On the other hand, as we are observing a large and complex social movement, we have to wonder how many underlying motives are actually playing their part in this. This is a tricky question because it requires us to take into account the entire discourse (and in my case I only have access to what is pronounced in- or translated into English) and understand the overall context. According to everything I read in the streets, in the press and on social networks, I think people want to bring about a Western-style liberal democracy to serve as a containing wall against the authoritarianism of mainland China. Hardly anyone speaks about changing the dominant capitalist economic system and even less its logistic, commercial and financial base that has been giving such good returns to this global city ever since its deindustrialization. It is a paradoxical situation because under colonial rule the city did not enjoy full democracy either. But the brutal repression in Tiananmen reinforced the overwhelming opposition to capitalist authoritarianism by the Communist Party and helped forge the unique ‘identity’ of Hong Kong which embraces colonial legacies such as ‘the rule of law’ and administrative efficiency. Corruption, censorship and repression in mainland China are considered some of the ills which Hong Kong seems to be able to keep at bay.
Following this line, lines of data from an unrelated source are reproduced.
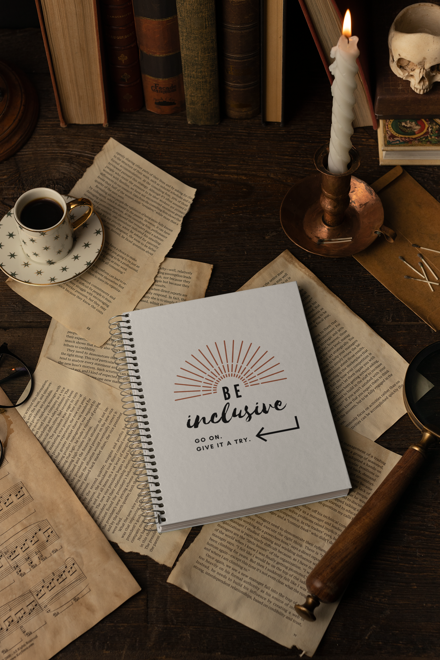 Elevate your daily journaling with this beautiful spiral notebook featuring the uplifting message "Be inclusive, give it a try". This notebook, with its clean and inspiring design, is perfect for personal growth, sketching, jotting down thoughts, or as a thoughtful gift. With its sturdy cover and plenty of lined pages, it's the ideal companion for thinkers, dreamers, and anyone looking to add a touch of positivity to their day.
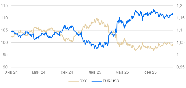 Мы полагаем, что курс евро останется крепким до конца года. В I квартале 2026 г. возможно его постепенное ослабление до $1,14 за евро.
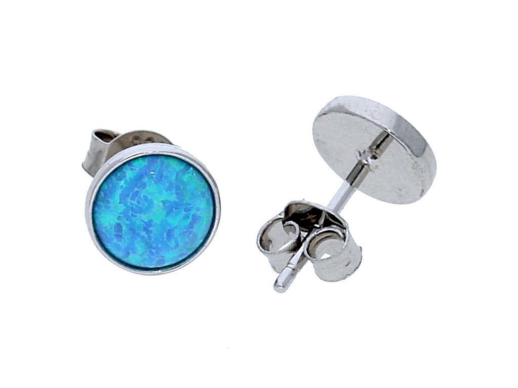 Stříbrné kulaté náušnice modrý opál
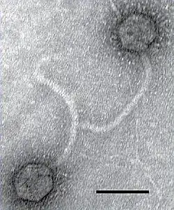 Beispielsweise sind die HS6-ähnlichen Phagen modulare Hybride, die aus einem Siphovirus-ähnlichen, nicht kontraktilen „Schwanz“ bestehen, der mit einem Myovirus-Mu-ähnlichen „Kopf“ (Kapsid) verschmolzen ist.[43] Die folgenden Zuordnungen zu Morphotypen sind daher eher tentativ zu verstehen:
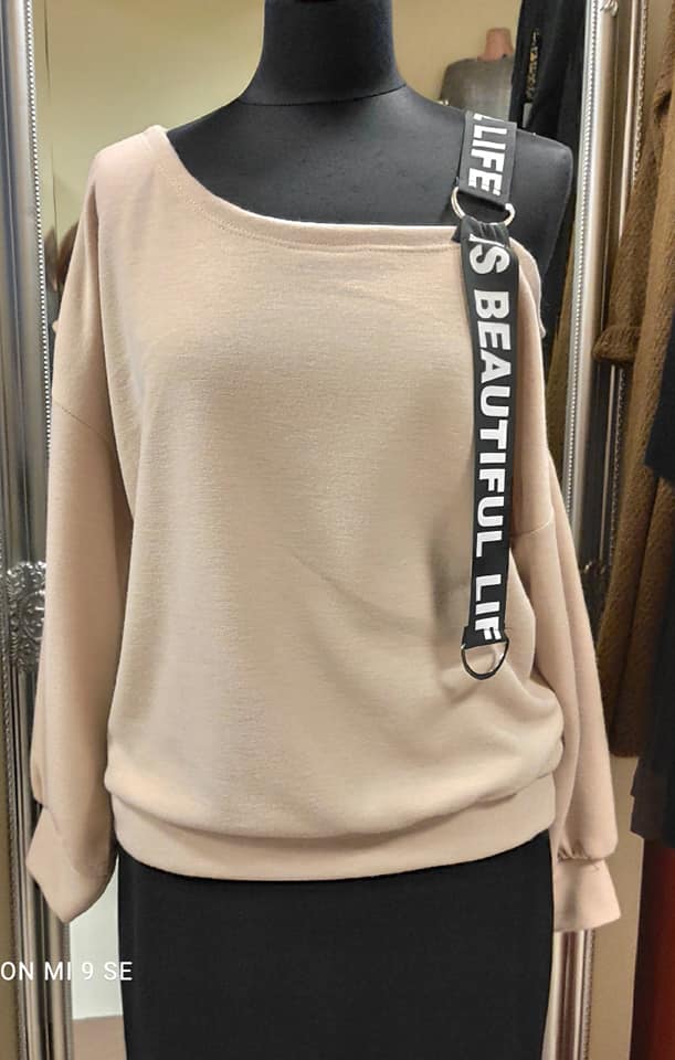 Sweterkowa bluzka na jedno ramię. Pasuje do eleganckich, jak i bardziej sportowych stylizacji. Czas wysyłki 1-2 dni.

Finally, it is no coincidence that it’s mostly young people out on the streets. Not only do they have more resources and opportunities to do so, but they will also live more years of their existence under the post-2047 regime than other generations. And they are not only concerned about their freedoms, but also about their welfare. Although the unemployment rate is around 3%, the prospects do not look very promising, because over a third of society is living below the official poverty line. It’s an extreme neoliberal regime based on “workfare” where there are lots of jobs available, but many are so poorly paid and have so few rights that you need to be very optimistic and do a lot of somersaults in order to stay afloat. Getting into college is a privilege for less than a quarter of those who aspire to go to university, and the tuition fees are not cheap (about 4,000 euros per year in the eight publicly funded universities). The housing prices are the second most expensive in the world, behind New York, and waiting lists for access to social housing are saturated for decades, which makes for numerous cases of overcrowding and substandard housing.
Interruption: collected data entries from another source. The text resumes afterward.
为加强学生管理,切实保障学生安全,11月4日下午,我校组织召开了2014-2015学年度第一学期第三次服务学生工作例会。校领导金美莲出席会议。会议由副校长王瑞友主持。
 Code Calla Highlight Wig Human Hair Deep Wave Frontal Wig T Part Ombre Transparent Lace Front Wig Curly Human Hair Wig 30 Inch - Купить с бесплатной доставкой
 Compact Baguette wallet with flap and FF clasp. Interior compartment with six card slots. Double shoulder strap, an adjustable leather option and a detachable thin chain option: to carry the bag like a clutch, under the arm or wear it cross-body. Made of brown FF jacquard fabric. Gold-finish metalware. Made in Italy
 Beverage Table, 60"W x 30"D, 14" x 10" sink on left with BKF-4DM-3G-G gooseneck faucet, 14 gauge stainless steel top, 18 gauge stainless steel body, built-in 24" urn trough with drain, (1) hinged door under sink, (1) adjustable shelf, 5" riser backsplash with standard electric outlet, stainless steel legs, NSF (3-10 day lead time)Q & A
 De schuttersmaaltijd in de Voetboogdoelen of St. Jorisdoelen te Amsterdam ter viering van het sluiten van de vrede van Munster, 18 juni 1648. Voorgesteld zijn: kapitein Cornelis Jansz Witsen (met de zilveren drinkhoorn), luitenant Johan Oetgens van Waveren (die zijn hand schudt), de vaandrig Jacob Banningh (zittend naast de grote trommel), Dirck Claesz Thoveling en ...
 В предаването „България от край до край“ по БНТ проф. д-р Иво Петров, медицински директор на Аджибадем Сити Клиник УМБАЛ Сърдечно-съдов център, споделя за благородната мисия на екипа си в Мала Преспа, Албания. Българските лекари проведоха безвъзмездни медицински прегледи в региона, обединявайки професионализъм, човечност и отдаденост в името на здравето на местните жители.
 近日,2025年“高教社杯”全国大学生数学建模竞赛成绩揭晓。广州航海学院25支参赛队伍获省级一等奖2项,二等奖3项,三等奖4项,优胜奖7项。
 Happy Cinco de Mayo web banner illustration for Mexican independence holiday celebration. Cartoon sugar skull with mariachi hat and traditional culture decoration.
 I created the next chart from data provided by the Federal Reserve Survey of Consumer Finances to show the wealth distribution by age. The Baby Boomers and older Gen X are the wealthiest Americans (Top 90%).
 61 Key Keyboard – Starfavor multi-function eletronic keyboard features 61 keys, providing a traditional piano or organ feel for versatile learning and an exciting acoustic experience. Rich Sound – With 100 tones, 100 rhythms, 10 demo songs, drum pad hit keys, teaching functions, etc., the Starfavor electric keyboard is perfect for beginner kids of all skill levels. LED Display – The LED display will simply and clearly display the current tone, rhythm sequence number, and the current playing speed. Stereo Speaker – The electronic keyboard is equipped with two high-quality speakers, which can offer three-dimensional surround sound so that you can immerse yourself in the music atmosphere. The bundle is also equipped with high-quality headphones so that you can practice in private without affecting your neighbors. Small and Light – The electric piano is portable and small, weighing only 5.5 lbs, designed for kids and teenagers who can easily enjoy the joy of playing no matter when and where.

Some of the principal grievances are concerned with property speculation by foreign capital, especially from China, which invests in local real estate as if it were a casino, causing prices to rise through the roof. Money laundering of proceeds from corruption, among other sources of illegal income, like is also happening in nearby Macau, often in collusion with the big banks, has repeatedly proven to be at the root of this fast-paced economic activity. In the absence of unemployment benefits or public pensions the system forces anyone to indebt themselves or to invest. In fact, the uncontrollable private pension funds that every employed worker needs to subscribe to, have been nurtured by legislation that is increasingly questioned. And if that were not enough, the city-state of Hong Kong enjoys an extraordinary financial surplus even though its successive governments continue to recommend austerity and prudence, together with cuts in social benefits. We might add that the city hosts many of the greatest fortunes of the world, which makes the gap and the social polarization even more unbearable, even though everyday life seems oddly sunk in motley peaceful coexistence. There are also 300,000 domestic workers (mostly Indonesians and Filipinos) subject to draconian conditions of exploitation, abuse and legal hindrance.

Under the carpet of luxury, consumerism, waste and growth without limits, there is a divided society that struggles for dignity and self-determination of their future. In line with a rich experience of struggle and previous actions, including two surprising victories (in 2003 when people opposed the “national security” legislation, and in 2012 when students and the entire education sector, managed to paralyze a plan to implement the “patriotic education”) we can say that there’s a long road ahead. Not only on the streets but also in the institutions, despite the oppressive model that currently prevails.”